Data Engineering
Vector search: catch the silent recall drop
Reading about silent recall is not the same as catching it. Build a small pgvector search, measure its recall against an exact baseline, then watch the number move as you turn ef_search, fix a selective filter, and bolt on hybrid search — with evidence at every step.
Turn the unit’s mental model into a reproducible engineering loop: build vector search, measure recall@k against ground truth, expose the silent failure modes, and fix them with the right lever, proving each change with before/after recall.
Build a pgvector-backed semantic search over a real document corpus, then prove with measured recall@10 that you can detect and fix the silent failure modes — low ef_search, post-filtered selective filters, and missing exact-match support — without ever relying on row count or latency to tell you something is wrong.

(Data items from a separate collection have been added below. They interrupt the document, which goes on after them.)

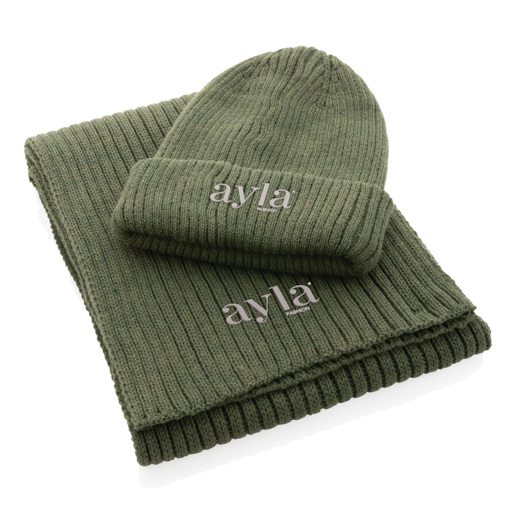 Realizat din fibre Polylana® – o alternativa ecologica la acrilul conventional – fularul reduce consumul de energie si apa in procesul de productie, oferind in acelasi timp o textura moale si placuta la atingere. Prin incorporarea trasorului AWARE™, este garantata utilizarea materialelor reciclate autentice si trasabilitatea intregului lant de productie. Parte din colectia Impact, 2% din incasarile fiecarui produs sunt donate catre Water.org, sustinand accesul global la apa curata.
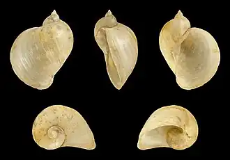 Das relativ dünnschalige Gehäuse ist ohrförmig, wobei die ersten beiden, sehr kleinen Umgänge kaum an Breite zunehmen; der letzte Umgang ist dagegen sehr stark verbreitert. Dadurch entsteht eine konkave Außenlinie am Gehäuse. Das Gehäuse misst etwa 1,5 bis 2,5 cm in der Höhe und bis fast 2 cm in der Breite. Am Innenrand der Öffnung ist eine kräftige Falte entwickelt, die in der Mitte eingedellt bzw. etwas verdreht ist. Die Gehäuse weisen aber eine hohe intraspezifische Variabilität auf. Der Körper des Tieres ist im vorderen Teil eher hell mit dunklen Flecken, im hinteren Teil eher dunkel mit helleren Flecken. Die Fühler sind dreieckig mit den Augen an der Basis der Fühler.
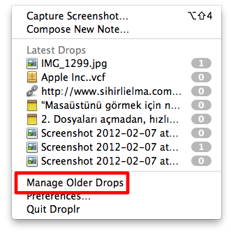 Eğer daha eski paylaşımlarımızın adreslerini bulmak istiyorsak menü çubuğundaki ikona tıkladıktan sonra aşağıdan “Manage Older Drops”u seçmemiz gerekiyor.
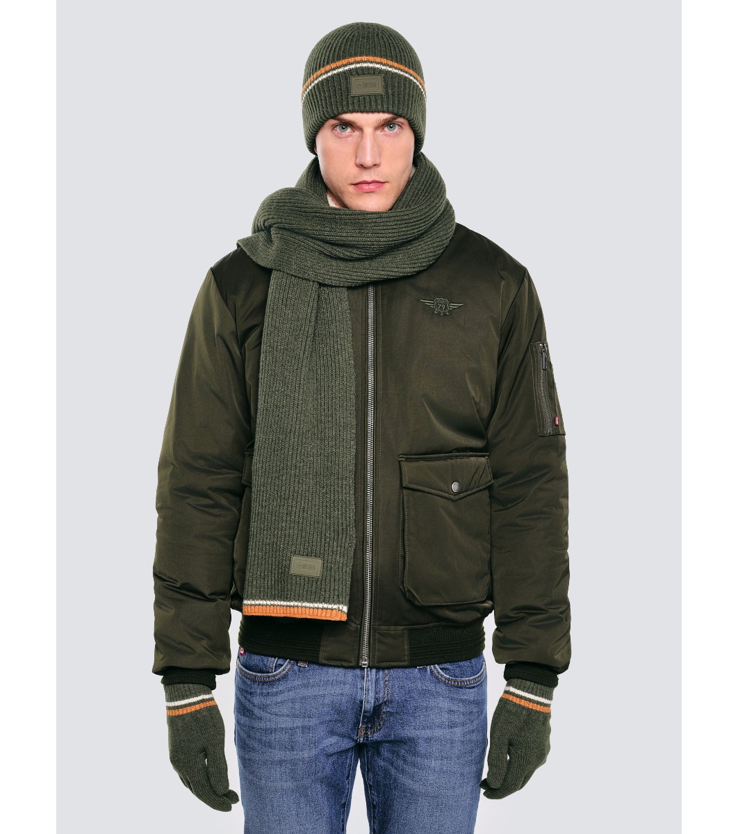 Big Star Eșarfă tricotată verde pentru bărbați, cu bordură contrastantă Eșarfă tricotată pentru bărbați, cu textură cu nervuri mari.

- A before/after table of recall@10 and p99 latency at the default ef_search vs the tuned value, measured against the exact baseline, not estimated.

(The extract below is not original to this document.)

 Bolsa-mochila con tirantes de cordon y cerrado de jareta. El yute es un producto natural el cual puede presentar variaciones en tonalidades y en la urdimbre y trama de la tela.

- Evidence that the filtered-query recall collapsed under post-filtering and was restored by iterative scan, with the latency cost recorded.
- A short list of exact-token queries where hybrid RRF beats pure vector search on recall@10, with the numbers.
- A one-paragraph write-up stating the recall SLO, the ef_search you chose, and why recall@k against an exact baseline — not latency or row count — is the metric you alert on.
- Add an on-call runbook: how to detect a silent recall drop, the recall@k harness command, the ef_search / probes / iterative_scan levers, and a verification checklist.
- Compare HNSW against IVFFlat on the same corpus: measure recall drift after inserting 20% more rows without reindexing, showing IVF centroids go stale while HNSW holds.
- Add IVF-PQ (or an external store like Qdrant/Faiss) and measure the recall loss from quantization, then recover it with a full-precision rerank step on the top candidates.
- Wire a CI gate that runs the recall@10 harness on a canary and fails the build if recall drops more than 2 points against main.
This is the loop you will run in every real vector-search incident: build the index with a matching metric, measure recall@k against an exact baseline, expose the silent failures (default ef_search, post-filtered selective filters, missing exact-match support), and fix each with the right lever — dial ef_search, switch on iterative scan, add hybrid RRF — verifying every change with measured recall, never row count or latency. Doing it once on a real corpus makes the production version muscle memory.